### What the task asks
Would you reproduce, word for word, only the lines running from the top of the data through the line containing "10kt Rose Gold", and none of the pictures?

### Material provided
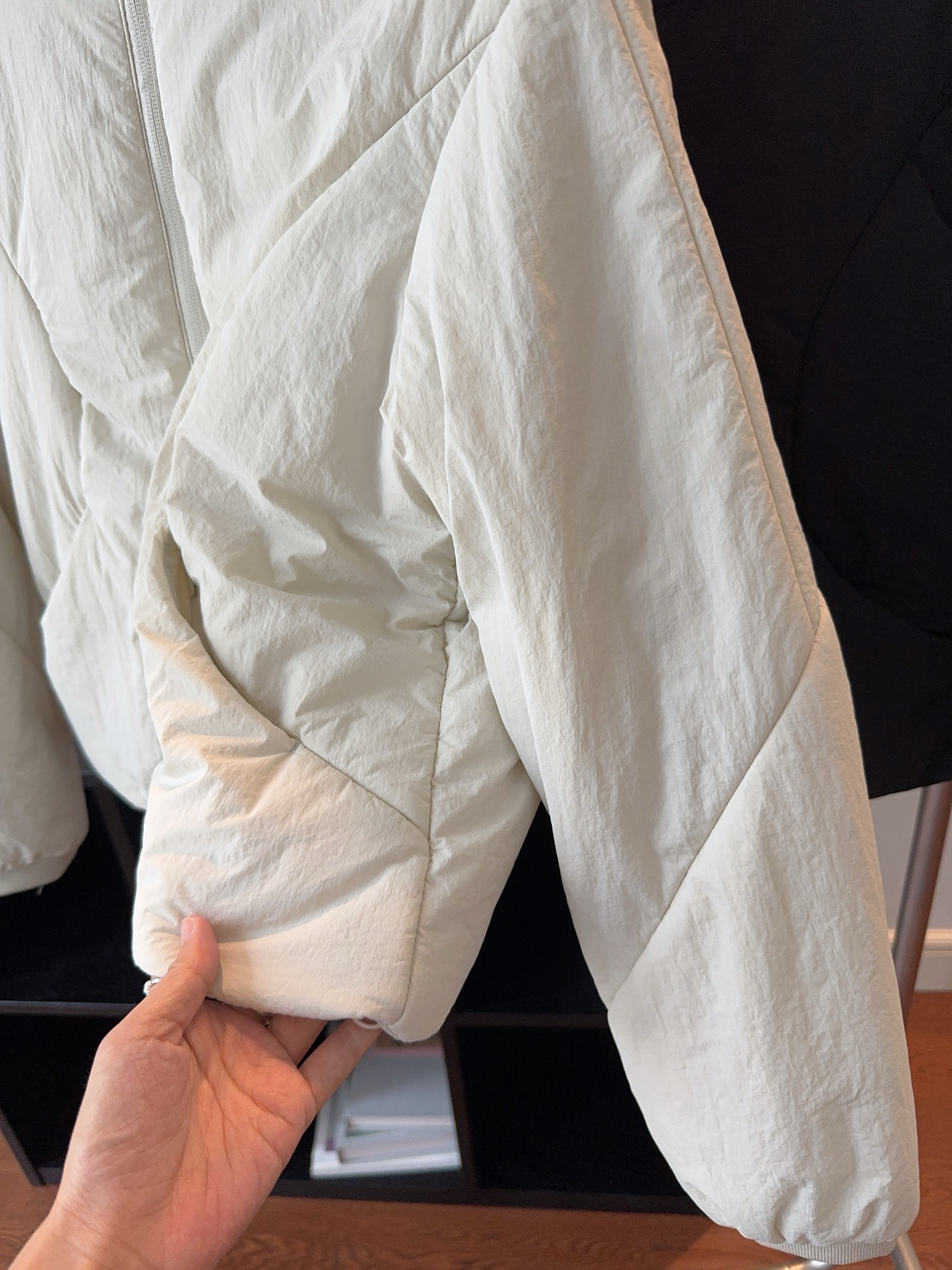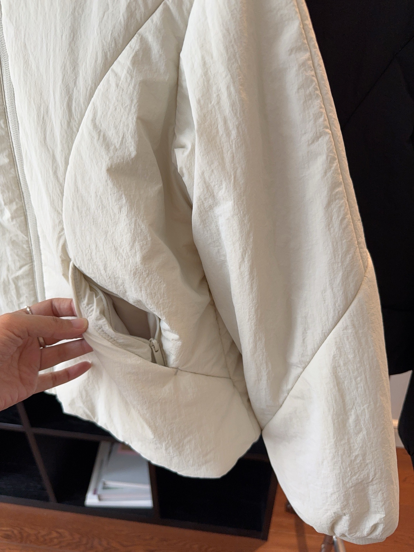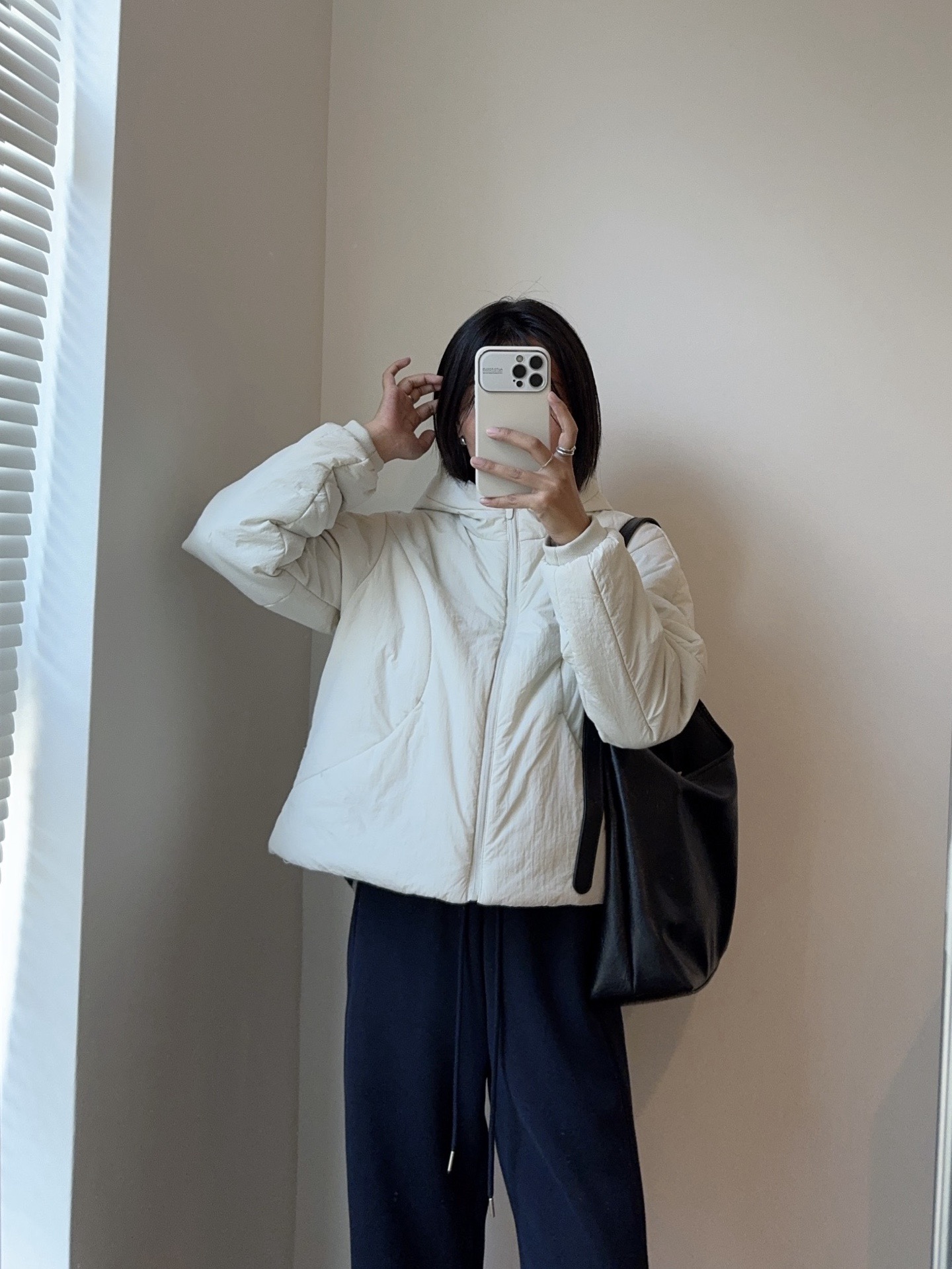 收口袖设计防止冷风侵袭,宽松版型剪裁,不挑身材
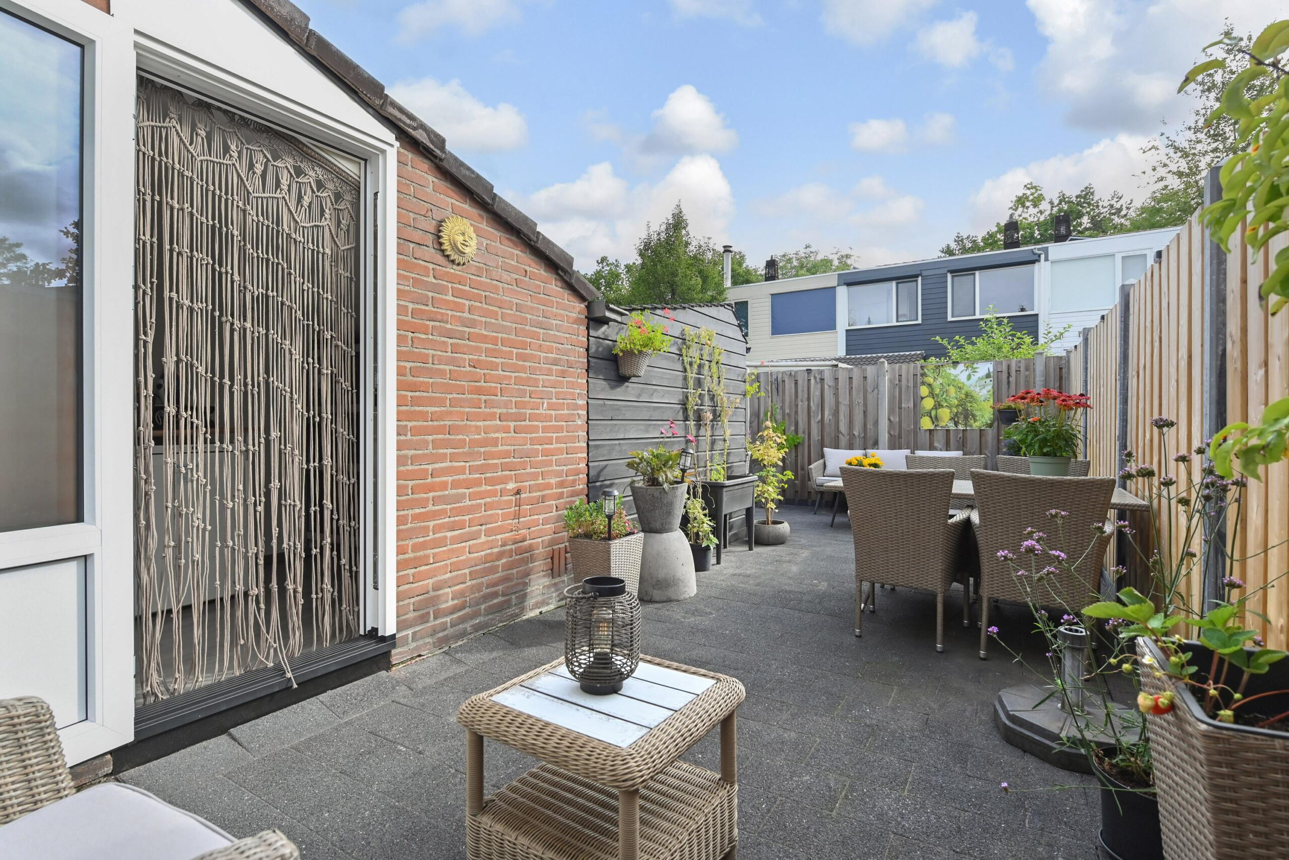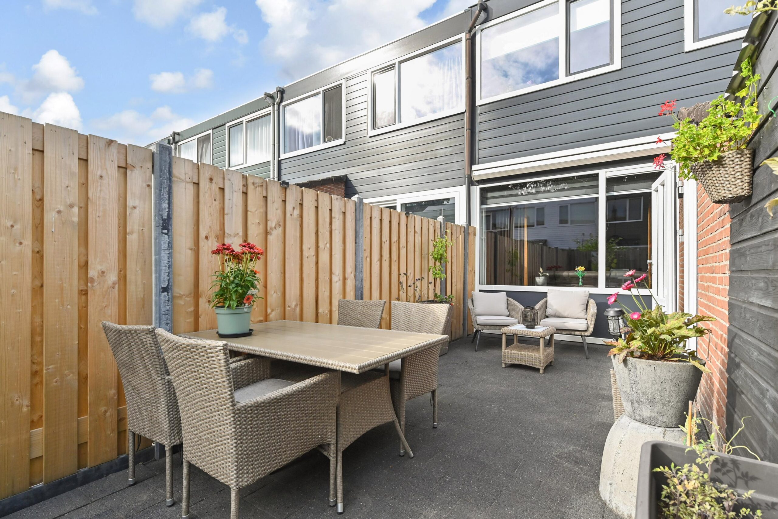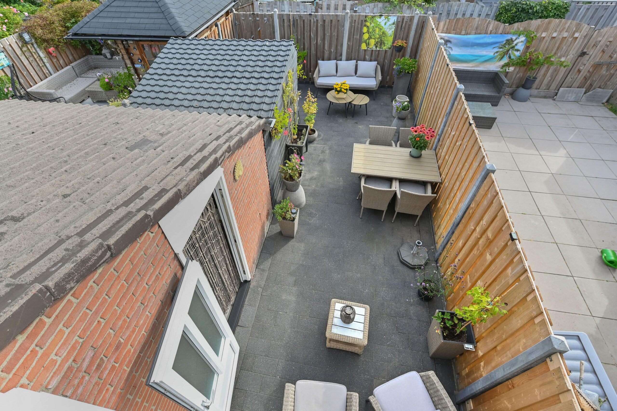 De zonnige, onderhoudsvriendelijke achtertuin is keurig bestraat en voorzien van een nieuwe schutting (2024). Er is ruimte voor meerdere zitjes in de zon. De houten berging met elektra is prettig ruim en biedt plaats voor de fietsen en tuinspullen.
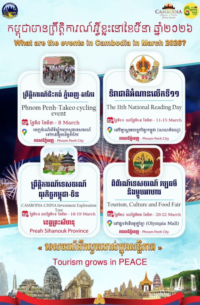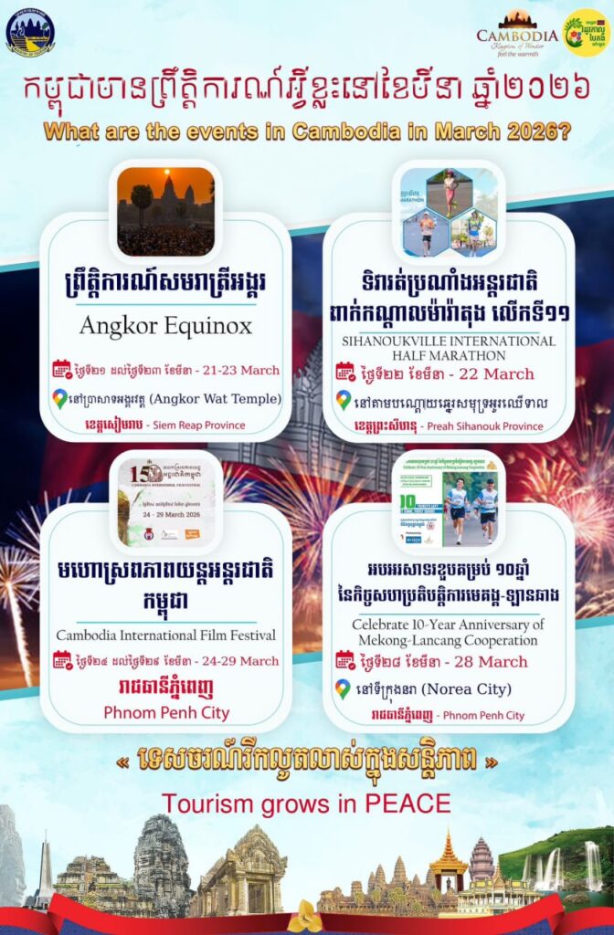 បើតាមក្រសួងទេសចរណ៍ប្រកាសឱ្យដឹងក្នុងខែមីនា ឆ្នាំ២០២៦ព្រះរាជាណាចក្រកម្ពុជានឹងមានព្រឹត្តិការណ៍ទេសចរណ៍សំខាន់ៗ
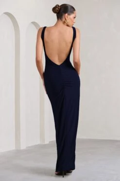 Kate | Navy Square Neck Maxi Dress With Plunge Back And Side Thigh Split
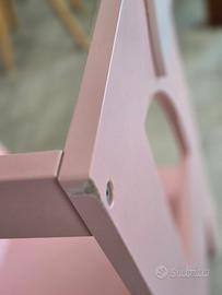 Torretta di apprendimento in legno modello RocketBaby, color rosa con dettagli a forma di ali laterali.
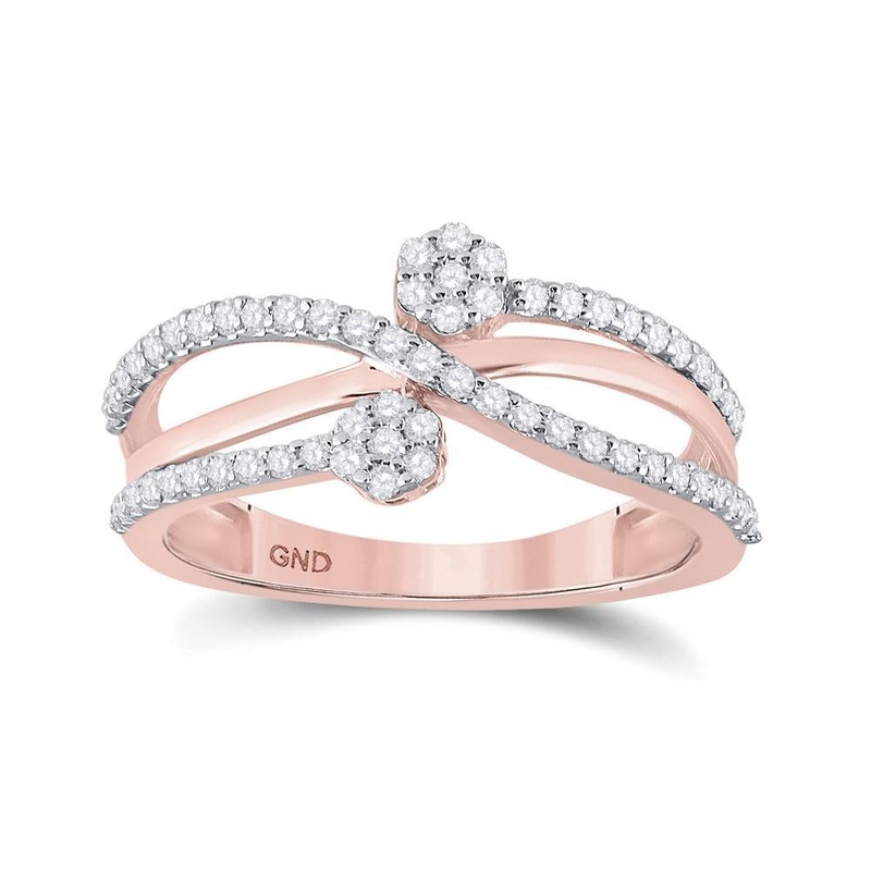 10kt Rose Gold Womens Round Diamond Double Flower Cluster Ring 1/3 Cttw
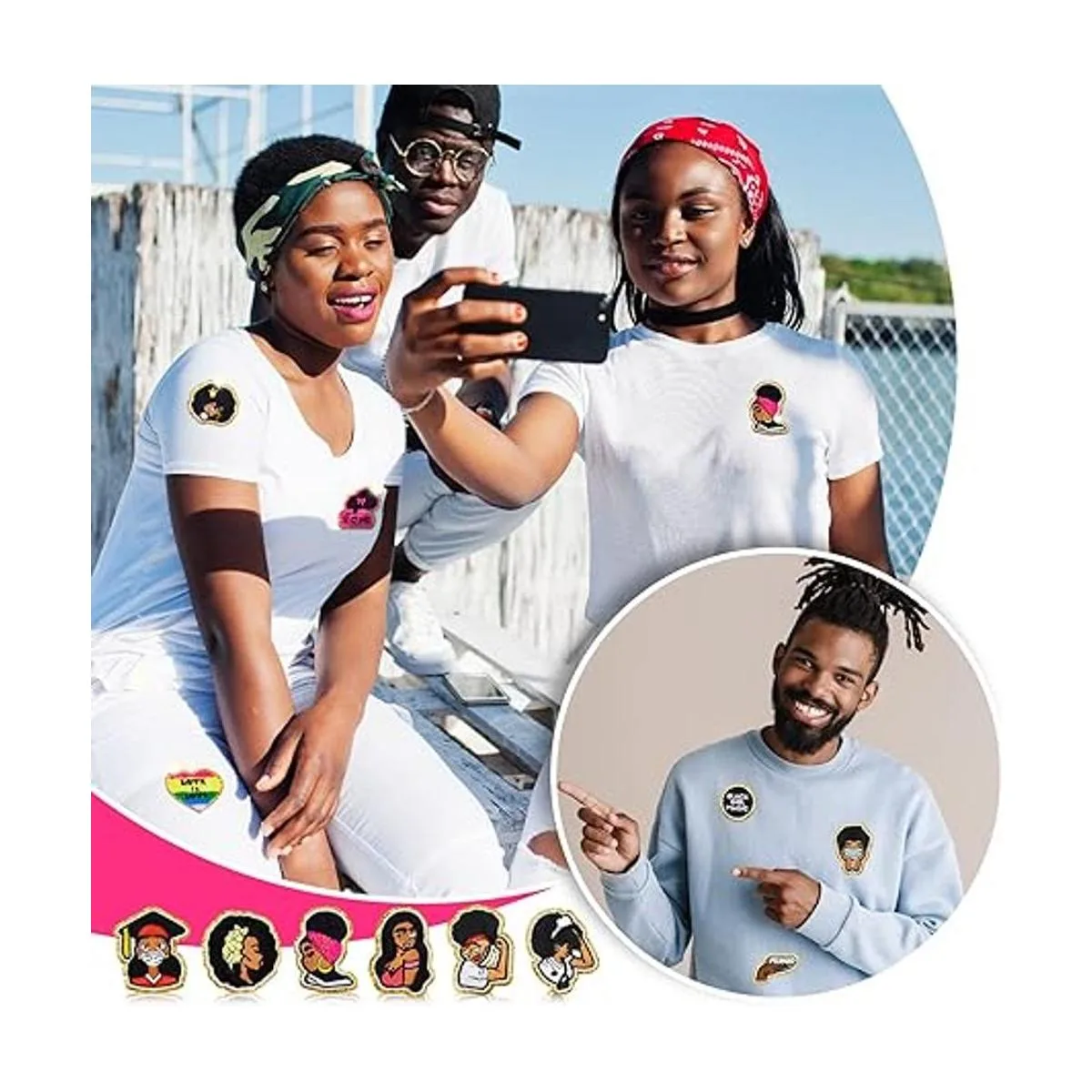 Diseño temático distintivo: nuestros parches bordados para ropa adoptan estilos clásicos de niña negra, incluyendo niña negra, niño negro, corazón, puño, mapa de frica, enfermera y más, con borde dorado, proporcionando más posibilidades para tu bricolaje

### Exercise result
 收口袖设计防止冷风侵袭,宽松版型剪裁,不挑身材
 De zonnige, onderhoudsvriendelijke achtertuin is keurig bestraat en voorzien van een nieuwe schutting (2024). Er is ruimte voor meerdere zitjes in de zon. De houten berging met elektra is prettig ruim en biedt plaats voor de fietsen en tuinspullen.
 បើតាមក្រសួងទេសចរណ៍ប្រកាសឱ្យដឹងក្នុងខែមីនា ឆ្នាំ២០២៦ព្រះរាជាណាចក្រកម្ពុជានឹងមានព្រឹត្តិការណ៍ទេសចរណ៍សំខាន់ៗ
 Kate | Navy Square Neck Maxi Dress With Plunge Back And Side Thigh Split
 Torretta di apprendimento in legno modello RocketBaby, color rosa con dettagli a forma di ali laterali.
 10kt Rose Gold Womens Round Diamond Double Flower Cluster Ring 1/3 Cttw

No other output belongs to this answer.